Methods: Over a period of 6 years, 75 patients were diagnosed with a lymphoma from PB/BM who had presented with predominant splenomegaly. Their clinical and laboratory records including PB and BM morphology; immunophenotyping using multi-parametric flow-cytometry and immunohistochemistry were reviewed. Wherever indicated, an extended panel of immunohistochemistry (IHC) was performed on BM biopsies for accurate sub-classification.

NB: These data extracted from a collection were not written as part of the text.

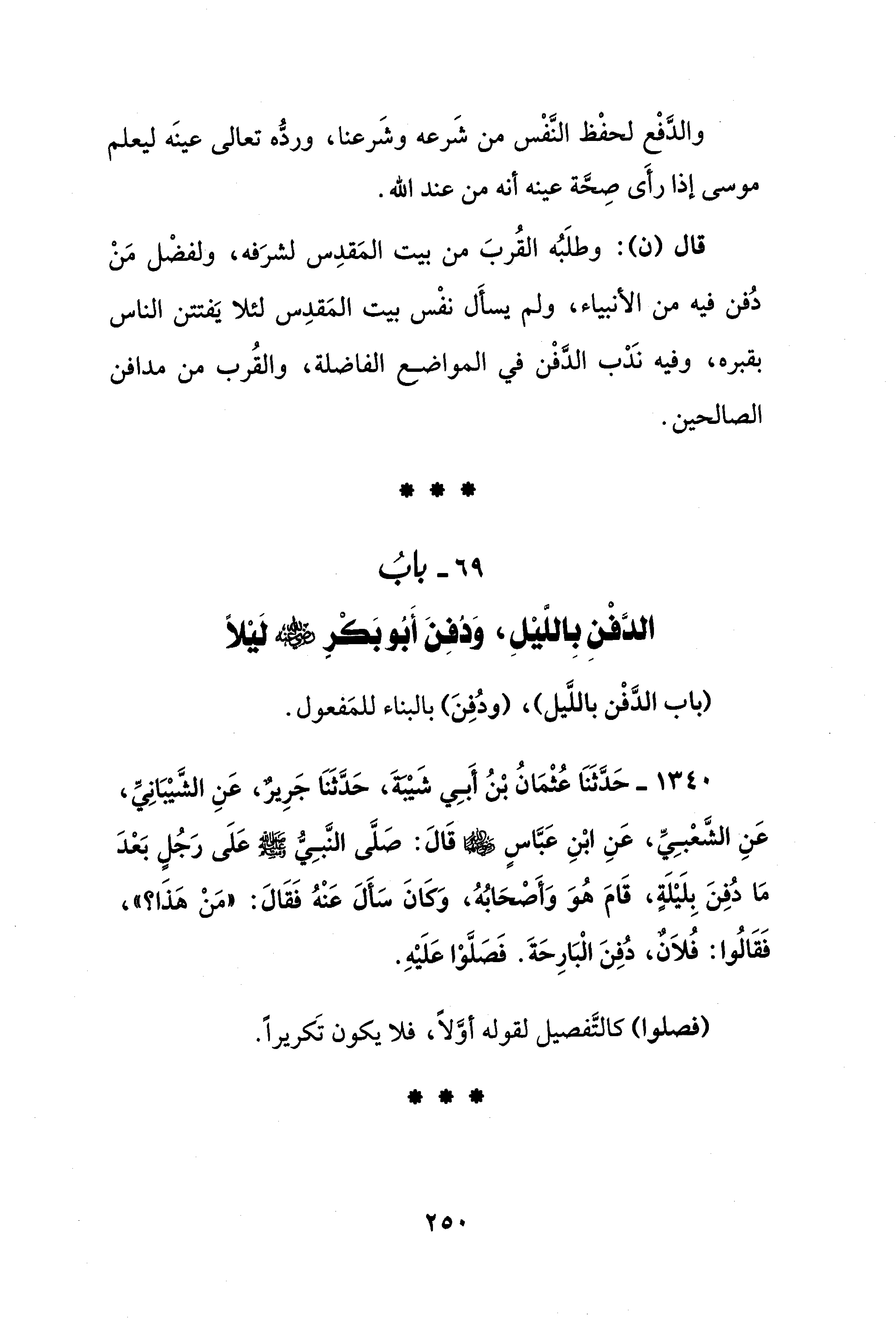 1340 - حَدَّثَنَا عُثْمَانُ بْنُ أَبِي شَيْبَةَ، حَدَّثَنَا جَرِيرٌ، عَنِ الشَّيْبَانِيِّ، عَنِ الشَّعْبِيِّ، عَنِ ابْنِ عَبَّاسٍ - رضي الله عنه - قَالَ: صَلَّى النَّبِيُّ - صلى الله عليه وسلم - عَلَى رَجُلٍ بَعْدَ مَا دُفِنَ بِلَيْلَةٍ، قَامَ هُوَ وَأَصْحَابُهُ، وَكَانَ سَأَلَ عَنْهُ فَقَالَ: "مَنْ هَذَا؟ "، فَقَالُوا: فُلاَنٌ، دُفِنَ الْبَارِحَةَ. فَصَلَّوْا عَلَيْهِ.
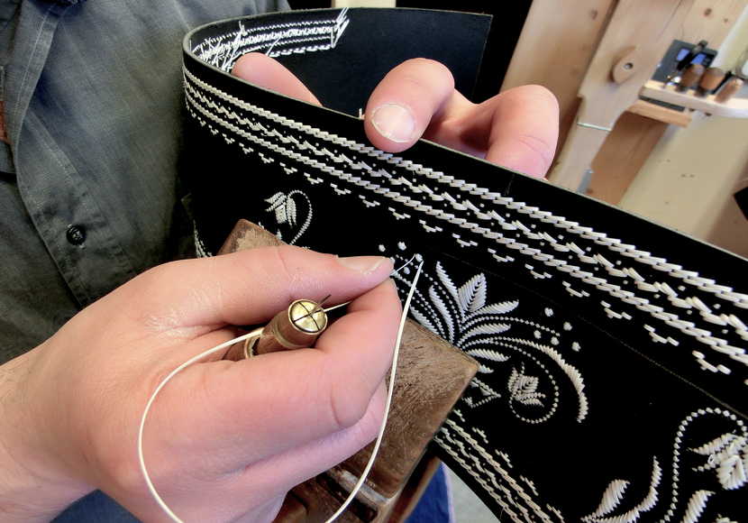 Das Arbeiten mit Ahle und den Kielen der Pfauenfedern erfordert nicht nur handwerkliches Können, sondern auch Geduld und ein gutes Auge. Loch für Loch wird von Hand gestochen, und der Kiel durchgezogen.
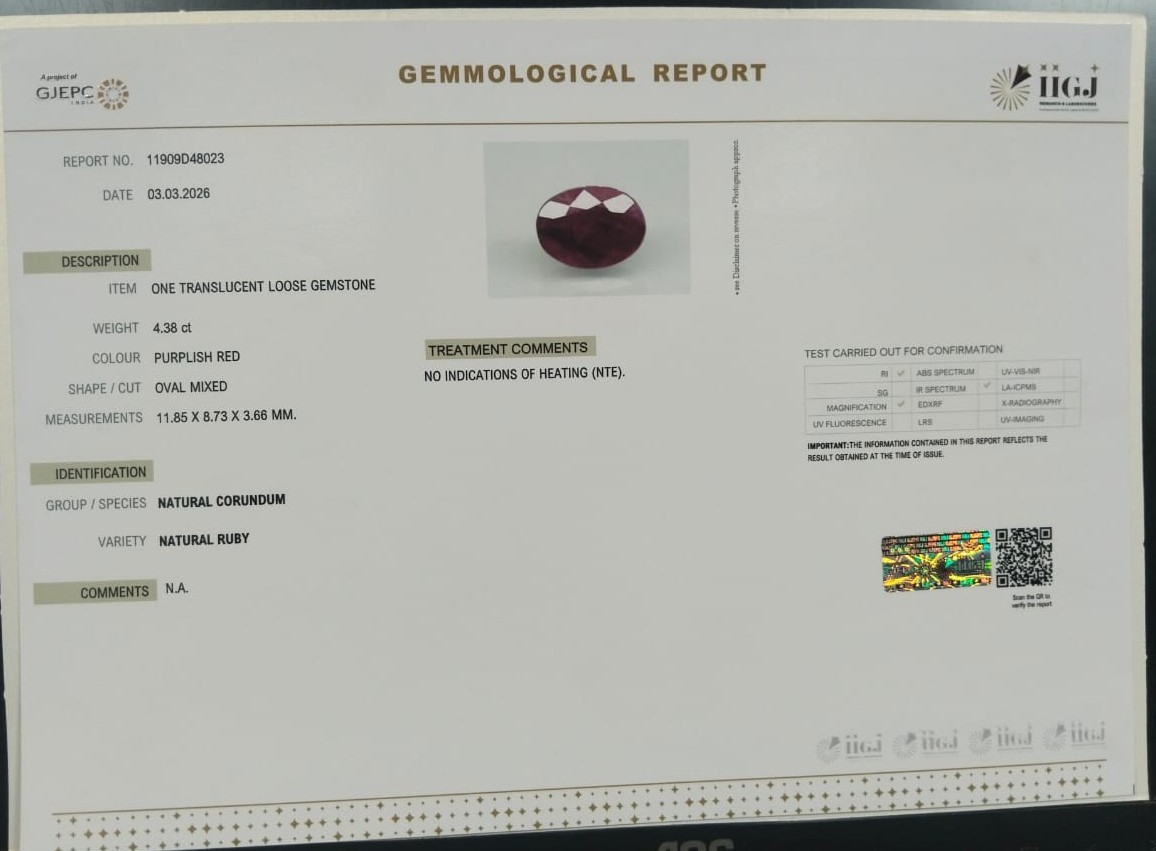 Beautiful 4.38 Cts Natural Ruby (AAA-Mines) sva 4+ Ratti RUBY. Free Horoscope & Free Pundit Ji Astrological Advise / Consultation. Original Natural Lab certified gems by IGI GTL / Birth stones / Large Gem Selection of shree shubh Rashi Ratan Vedic dhan at Gem Mines. May Bhagwan Brahma, Vishnu, Shiv & Universe bless you.
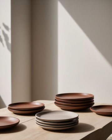 AI Generated. Collection of handmade ceramic plates in earth tones for home decor and dining
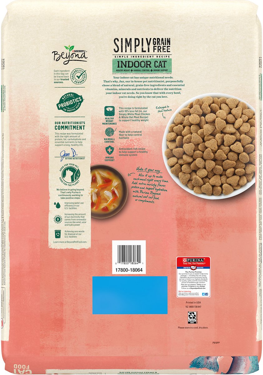 Purina Beyond Simply Indoor Wild-Caught Salmon. Egg & Sweet Potato Recipe Grain-Free Dry Cat Food. 11lb Bag
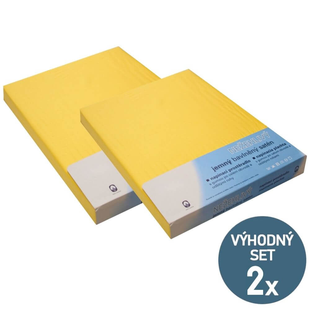 Saténové napínací prostěradlo 90 x 200 cm ŽLUTÉ 1+1
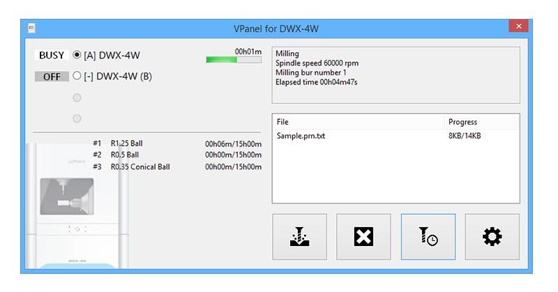 Purchase of the DWX-4W includes open-architecture CAM software that accepts all STL file types and supports the milling of relevant materials. This easy-to-use software features a user-friendly interface and simple workflow that promotes a short learning curve. Its features include automatic nesting and placement options to help maximize efficiency and pre-defined milling procedures for direct software-to-mill functionality without interruption during tool path calculation.
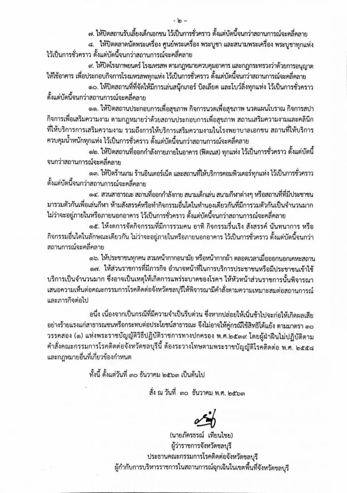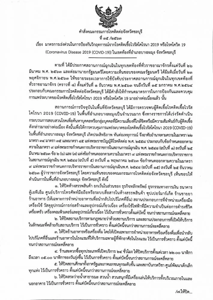ล่าสุด ผวจ.ชลบุรี ออกคำสั่งปิดสถานที่ชั่วคราวในพื้นที่บางละมุง อาทิ ห้าง สถานบริการ สถานศึกษา ร้านนวด สระว่ายน้ำ สถานรับเลี้ยงเด็ก ตลาดนัด โรงหนัง สนุกเกอร์ โบว์ลิ่ง ฟิตเนส ร้านเกม และร้านสะดวกซื้อให้ปิดเวลา 22.00 น.
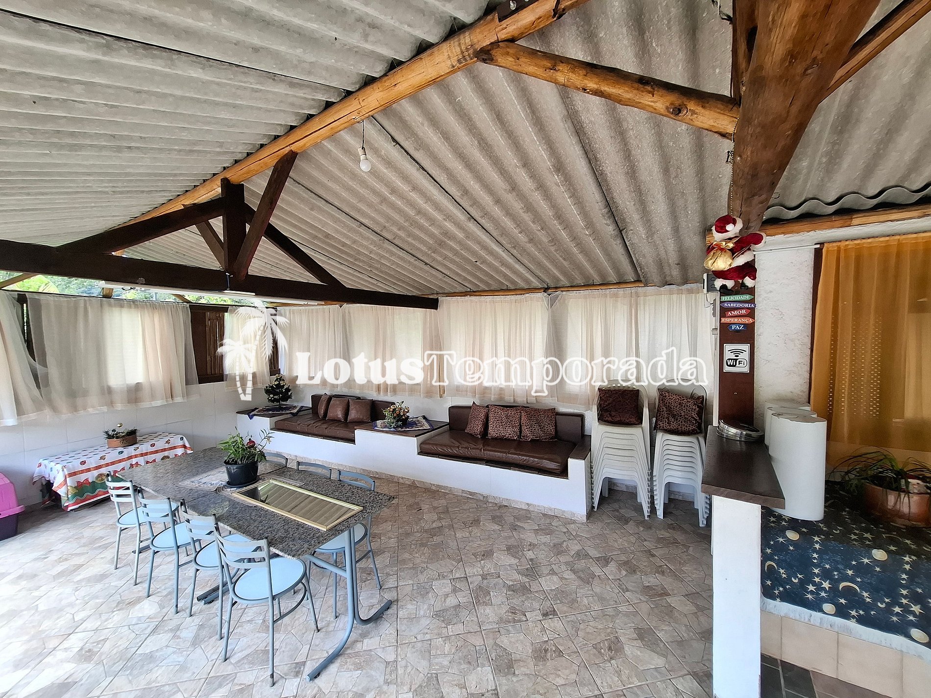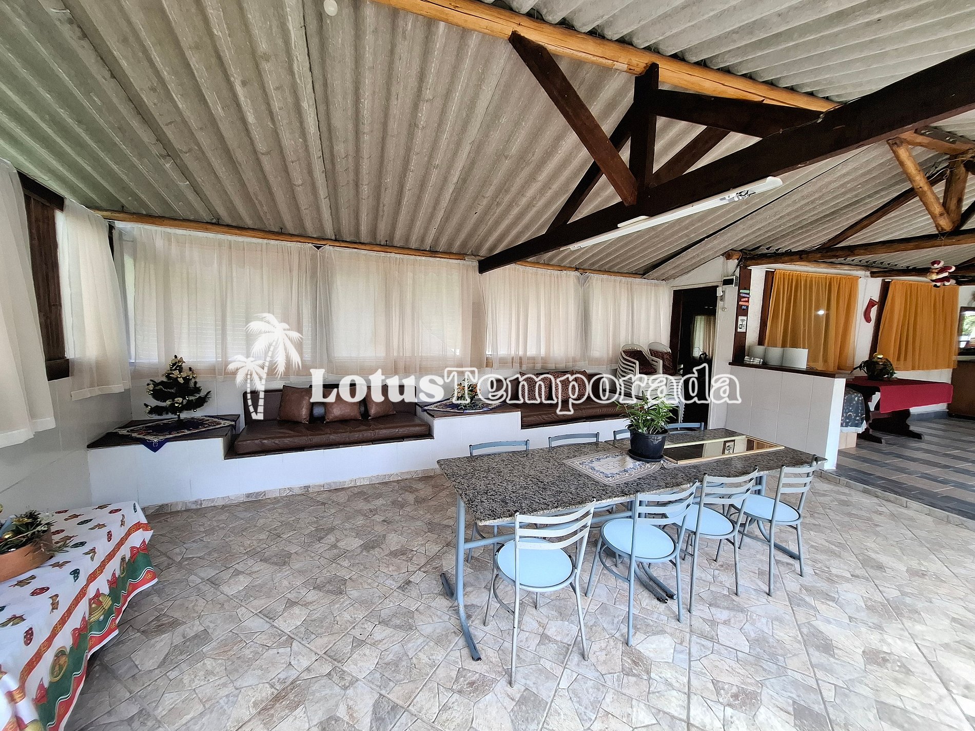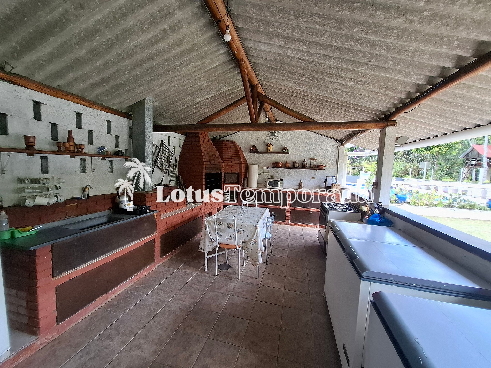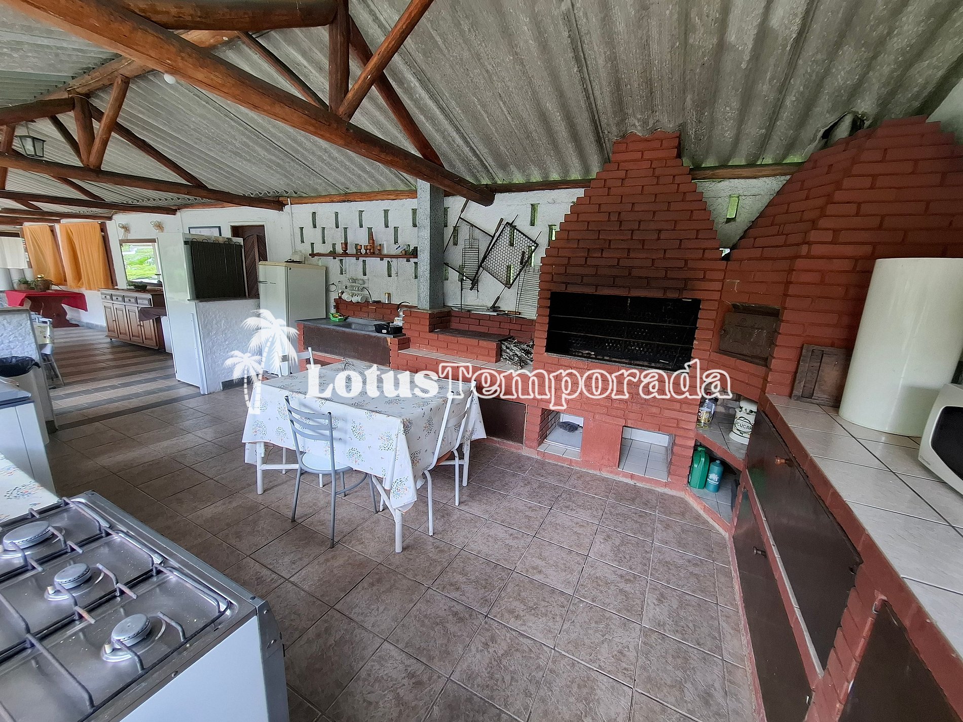 • Ampla área gourmet com churrasqueira, mesas e espaço para descanso.

Results and discussion: The commonest lymphomas were hairy cell leukemia (HCL) (32%) and splenic marginal zone lymphoma (SMZL) (24%). Others included diffuse large B cell lymphoma (8%), chronic lymphocytic leukemia/small lymphocytic lymphoma (8%), mantle cell lymphoma (2.7%), and follicular lymphoma (1.3%), all of which usually presents with lymphadenopathy. SMZL was the commonest lymphoma among females and those with massive splenomegaly and lymphocytosis; while HCL was commonest in patients with pancytopenia. SMZL commonly presented with lymphocytosis; however, 22% of them also presented with pancytopenia.
Conclusion: The high diagnostic efficacy of PB and BM examination using flow-cytometry and immunohistochemistry in confirming and sub-classifying splenic lymphomas suggests that a thorough hematological evaluation should always precede a diagnostic splenectomy. Immunohistochemistry remains the best modality to identify sparse or intra-sinusoidal infiltration on BM biopsy and is particularly useful in patients with fibrotic marrows and pancytopenia.
Keywords: Immunophenotype; Mature lymphoid neoplasms; Splenic lymphoma; Splenomegaly.